As for monitoring, rather than using external monitoring (which will tend to increase RAM usage as it's constantly hitting the services), I'd recommend that you do internal monitoring. Monit is the ideal tool as it uses relatively low amounts of RAM and can be configured to restart services if they crash. It's actually installed and preconfigured already, although it's a very minimal setup (just monitoring) and should already email alerts. If you don't have your email configured (or port 25 is being blocked by your ISP, or you have a dynamic external IP which has been blacklisted) then you probably won't be getting the emails. Emails are nice, so that's probably worth looking into, but for our immediate purposes, it's not really required.

Here's some links for monit:
https://www.linode.com/docs/uptime/monitoring/monitoring-servers-with-monit
https://www.digitalocean.com/community/tutorials/how-to-install-and-configure-monit
https://www.htpcbeginner.com/monit-home-server-system-load-monitoring/

None of them explicitly talk about TurnKey, but it should be pretty generic. If you keep in mind that TurnKey is Debian under the hood (which is also closely related to Ubuntu - but not binary compatible, so don't add any Ubuntu PPAs or repos!) so you should be able to find plenty of info via Google.
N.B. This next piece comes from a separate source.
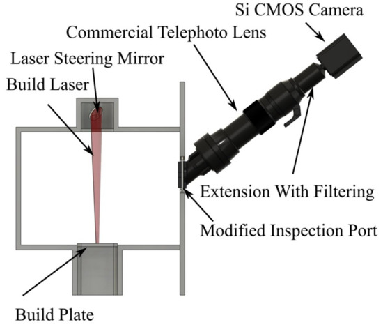 The viewport of a commercial Renishaw SLM 125 metal L-PBF machine was modified to allow unrestricted off-axis optical access, as per Figure 2. A commercial 300 mm focal length telephoto lens was used to focus an image of the build plane onto a silicon (Si) Focal Plane Array (FPA) sensor. A 16 bit, thermoelectrically cooled, Si CMOS FPA camera was used. Figure 3 shows a photograph of the setup in situ. The camera was used to acquire a series of digitally measured images of the radiance (reported in digital levels (dls) of the camera’s image output) of the surface throughout the build process. The pertinent build parameters and the imaging system properties are shown in Table 1. The maturity level of Si technology offers higher-specification instruments at a given price point than other, longer-wavelength, FPA technologies.

Regarding logs to check, as a general rule, all logs (at least system logs and most Debian package logs) should be found in /var/log. For this, I'd recommend that you check the syslog, as well as the daemon log. Regarding the Samba crash, something should show in it's log too (although IIRC the Samba logging is pretty verbose, so there's probably lots of stuff in there that isn't relevant).

Hope that helps...

Marmite Sandwich's picture

Thanks, Jeremy, for this very thorough explanation and clues for further research. I will keep digging and see if I can keep my Asus eeePC in service.

For interest only, my (PC based) webmin monitor reported that webmin crashed again this morning, again at almost exactly 0900. I just need to find out what starts up at 0900 every morning...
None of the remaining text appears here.